22546.fb2
– Как это при чем? – засмеялась она. – От вас такие искры бьют, что запросто электричество во всем микрорайоне вырубить может. А мне еще бойлер включать, помыться хочется…
И тут я вспомнила: он так и не взял моего телефона!
– Светка, – сказала я. – Он так и не взял моего телефона… и еще: я даже не расслышала его имени, а фамилию он не говорил вовсе… что теперь делать, Светка?
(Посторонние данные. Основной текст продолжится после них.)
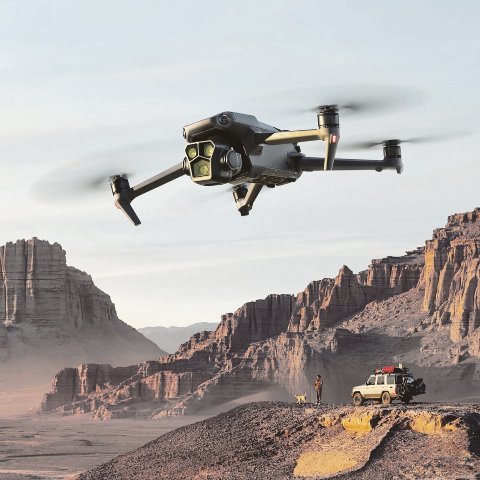 Das Flaggschiff von DJI ist die DJI Mavic 3 Pro. Eine Hasselblad-Kamera wird begleitet von zwei Telekameras. Deren Brennweiten von 24 mm, 70 mm und 166 mm lassen sich zu einem Hybrid-Zoom kombinieren. Fotos und Videos haben eine Auflösung von bis zu 5120 x 3956 Pixel (50 Bilder/s). Mit geringer HD-Auflösung sind alternativ bis zu 200 Bilder/s möglich. Wie bei den meisten DJI-Drohnen sind Funktionen wie einer Person folgen, Rückkehren, Landen sowie Hinderniserkennung integriert. Der Akku hält 36 min – das ist Rekord. Bei einem Gewicht von 900 g überschreitet das Fluggerät laut der EU-Drohnenverordnung die Grenze (500 g), ab der man einen „großen Drohnenführerschein“ benötigt. Preis: ab 2099 €.
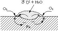 図5.5はさびやその他の反応生成物におおわれた金属面に達する酸素の量が,裸の金属面の酸素量より少なく,孔食の部分がアノード(−)となりFeが溶け出し,腐食は一層進む。その他,2本の鉄管の継ぎ目や鉄管のねじ込み部の腐食などである。
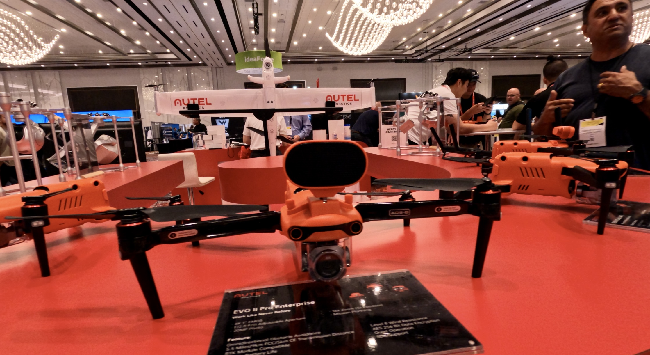 The day started off strong as we visited our friends at Autel Robotics booth to talk a little bit about the Dragonfish drone and its potential applications with Autel’s Global Vice President of Technology & Training, Jon McBride. We discussed all manner of applications for this impressive piece of enterprise drone technology including search and rescue, long range data collection, intelligent flight systems, flight application interface, after-sale training and support, and more.
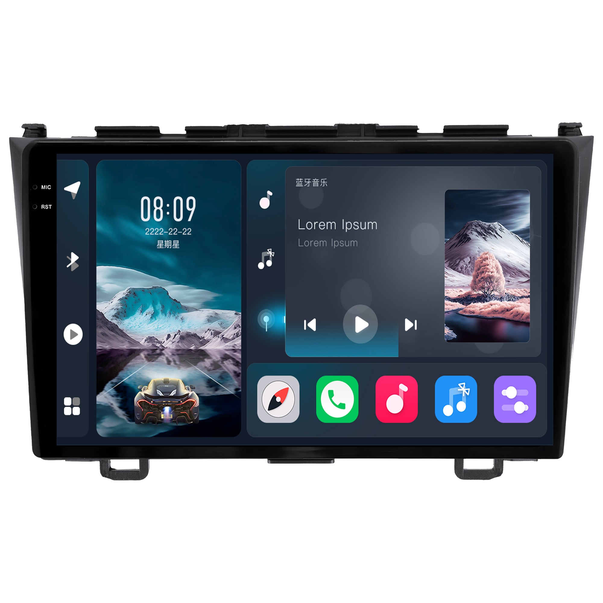- Função Multi UI: Permite a personalização da interface da multimidia com 23 opções variadas da interface principal e secundária.

Светка громко, с подвыванием, зевнула.
– Дура ты рыжая, вот что. Твой он со всеми потрохами, поверь моему глазу. Никуда не денется. Ну почему это рыжим дурам всегда везет, а умным и красивым блондам – нет? – она снова зевнула. – Хотя везение, честно говоря, относительное. Парень он, конечно, картинка, но я бы на твоем месте еще двадцать раз подумала: эти тайманцы страсть как ревнивы. Восточная ментальность. Зарежет он тебя, сто процентов зарежет. Или разобьетесь нафиг на этом его “эскорте”… ты слышала: там все ревет и стонет, как Днепр широкий. Пошли спать, что ли?
Как Днепр широкий… Светку привезли сюда из Днепропетровска в трехлетнем возрасте, так что никакого Днепра она помнить не могла, а тем более – знать, как он стонет. В машинах она тоже ничего не педрила, так что слова насчет Днепра и “эскорта” я пропустила мимо ушей. Зато в парнях Светка разбиралась – дай Бог всякой: Рани и в самом деле был “картинка”! Я благодарно чмокнула подругу в щеку, и мы пошли спать – ведь школьный автобус отходил уже через полтора часа. И я заснула сразу же, и летала во сне, и летала проснувшись, и в автобусе, и в школе, и после школы – особенно после школы, потому что Рани ждал меня на выходе, и тут мы уже сразу обнялись, потому что за эти несколько раздельных, невместных часов успели привыкнуть к мысли, что можно обняться и при этом остаться в живых.
Говорят, что любовь похожа на смерть, и даже в ТАНАХе об этом написано. Так и есть, но не в плохом смысле, а в том, что и то, и другое – это, типа, все. Все. Конец, за которым уже больше нету ничего. Типа, приплыли. Такое ощущение полной и самодостаточной окончательности. Как у какого-нибудь особенно хитрого фрагмента в паззле на сто миллионов деталей: всю дорогу его пристраивают и так, и эдак, и туда, и сюда, к тому краешку и к этому, и все не выходит, все не ай-я-яй, то углом упрется, то выемку оставит, то еще что. И вдруг – щелк! Встал! Встал в то единственно возможное место, где все правильно, все подходит, где для каждого бугорка, для каждой извилинки, ямки, выбоины, ущербины, для каждого крохотного уродства, для каждой красивости и для каждого, сколь угодно загогулистого вывиха есть свое, специальное, точное, только им подходящее соответствие. Разве это не чудо? Разве это не конец – конец поисков, конец сомнений, конец паззла?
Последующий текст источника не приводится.